Manage work on behalf of the user

Running work on HPC systems often requires users to manage numerous jobs, sometimes numbering in the hundreds or thousands. The queuing system provides a mechanism to handle this easily without the need for constant monitoring and attention from the user. The users are able to create and submit standard Linux scripts of any degree of complexity to be run on the system, allowing complete flexibility as to the work which is being run.

The queuing system takes care of starting jobs whenever resources become available, running the work and then delivering the results back to the user. The system automatically manages thousands of CPUs, running a mixture of different sizes and length of runs from different users. This is all handled transparently and without user intervention.

For those researchers moving from overnight and weekend runs on their own desktop PCs, this means that you no longer have to come into work on Saturday evening to see if a run has finished and start another one. You can submit as much work as you need to at any time and the system will process all the jobs without further intervention from you.

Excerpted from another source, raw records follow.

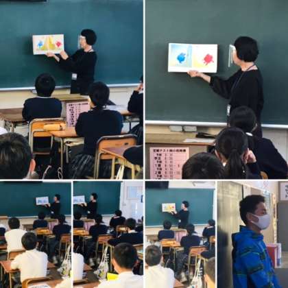 今週は1年生の各クラス、地域の方に来ていただき「絵本」を読んでいただいています。
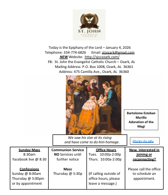 Thank you for visiting St. John Catholic Church - a small, but growing, multi-cultural Catholic Community serving the Dale County area. Visitors also find us as they travel to and from the Gulf Coast on vacation or business. Soldiers from the Fort Rucker community and their families become a part of our parish during their tours of duty and training. All are welcome to join us for any Mass or parish event.
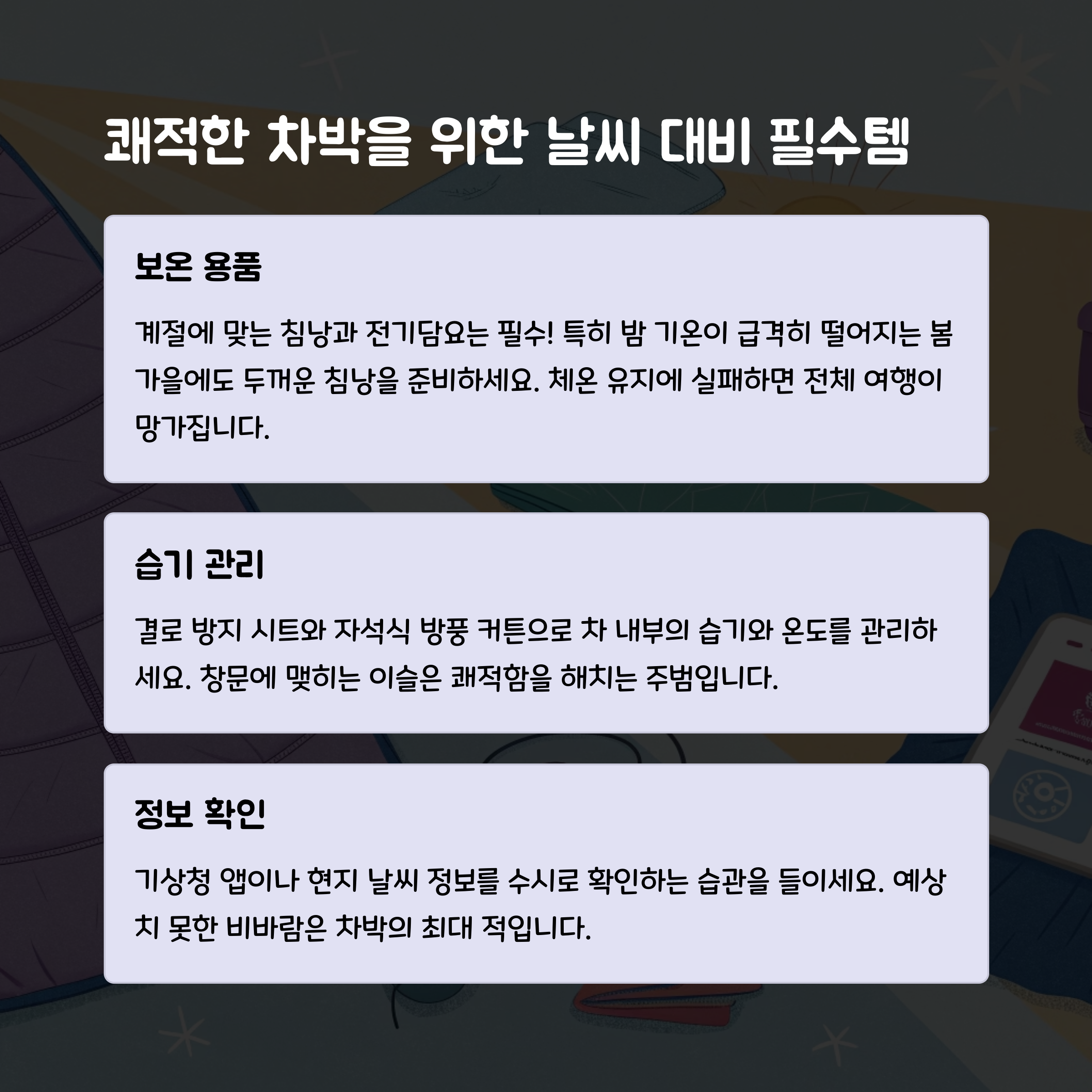 쾌적한 차박을 경험할 수 있습니다. 기상청 앱이나 현지 날씨 정보를 수시로 확인하는 습관도 중요합니다.

Efficiently Managing System Resources

With such a large resource with many CPUs and nodes of different memory sizes and number of CPUs, it is important to ensure that the machines are used as efficiently as possible, to deliver the maximum possible processing resources to the researcher. The system runs 24 hours a day, 7 days a week. Users submit a wide range of different jobs, ranging from 1 to hundreds of CPUs, with run times from seconds to days. The scheduling system manages all this variety with the aim of running as much work as possible without overloading any part of the system.

Deliver Site Determined Scheduling Policies

Whilst a prime aim of the scheduler is to ensure the best possible use of the hardware, there are also scheduling policies which are in place with the express aim of providing the users of the system with timely delivery of results in accordance with their expectations. These policies are targeted to fulfil specific user requirements. Examples are to be able to submit short test runs and get rapid results, which is useful for determining parameter settings for applications, or for testing new codes. This includes being able to make quick runs with parallel jobs, not just serial ones.

These scheduling policies are made on the basis of the workload being submitted to the system. As user demands can cause the policies to be adjusted in order to match the requirements.